▸ Work order: Repeat the records below exactly from the line containing "Abrimos el archivo" to the line containing "被子 > 夏被 > 2026新款A类里外全棉夏凉被100%新疆棉纯棉全棉填充无印格子款空调被全棉夏被", taking in both of those lines. Drop the pictures.
┌─ Dataset records
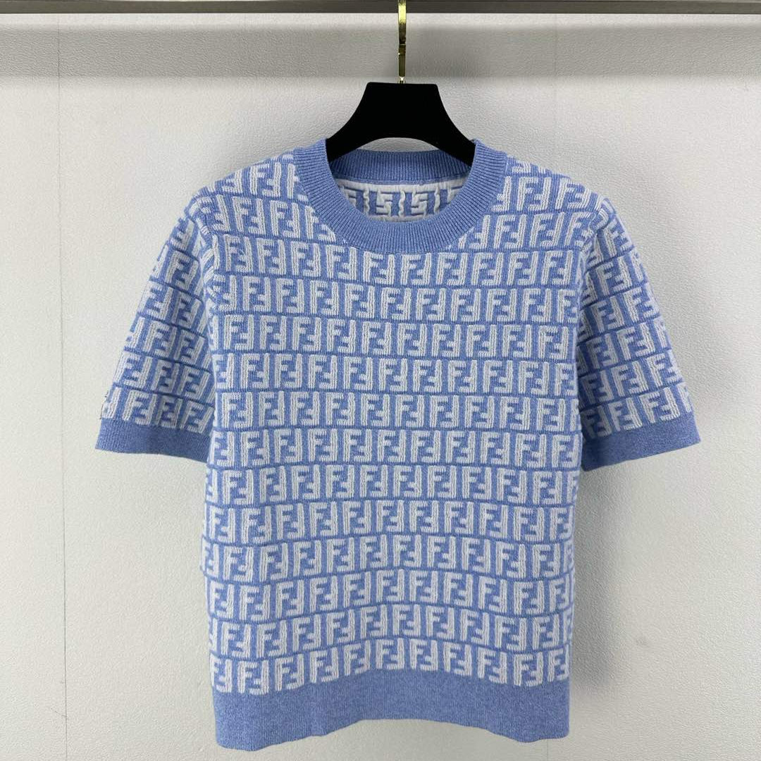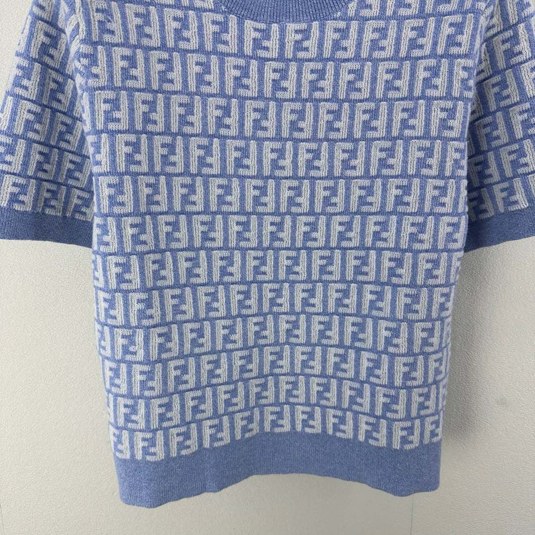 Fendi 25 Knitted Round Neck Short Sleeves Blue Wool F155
└─
┌─ Dataset records
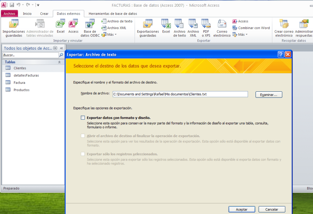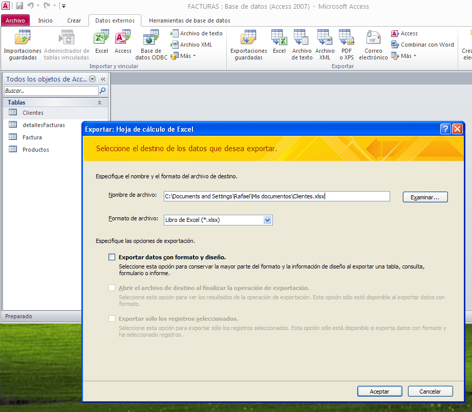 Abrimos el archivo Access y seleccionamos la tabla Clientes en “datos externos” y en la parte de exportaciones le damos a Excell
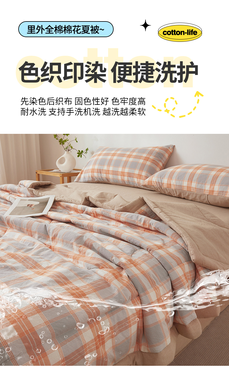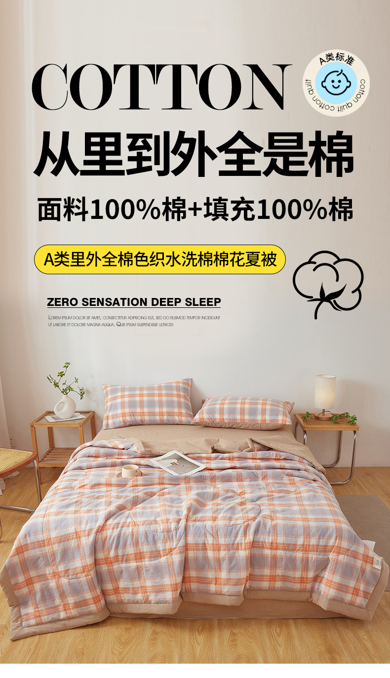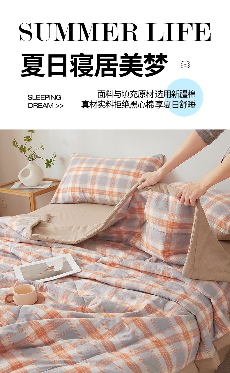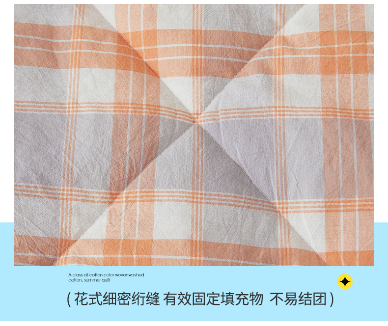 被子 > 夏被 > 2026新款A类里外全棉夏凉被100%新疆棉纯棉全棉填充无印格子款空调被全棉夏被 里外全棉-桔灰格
└─
▸ Written response:
 Abrimos el archivo Access y seleccionamos la tabla Clientes en “datos externos” y en la parte de exportaciones le damos a Excell
 被子 > 夏被 > 2026新款A类里外全棉夏凉被100%新疆棉纯棉全棉填充无印格子款空调被全棉夏被 里外全棉-桔灰格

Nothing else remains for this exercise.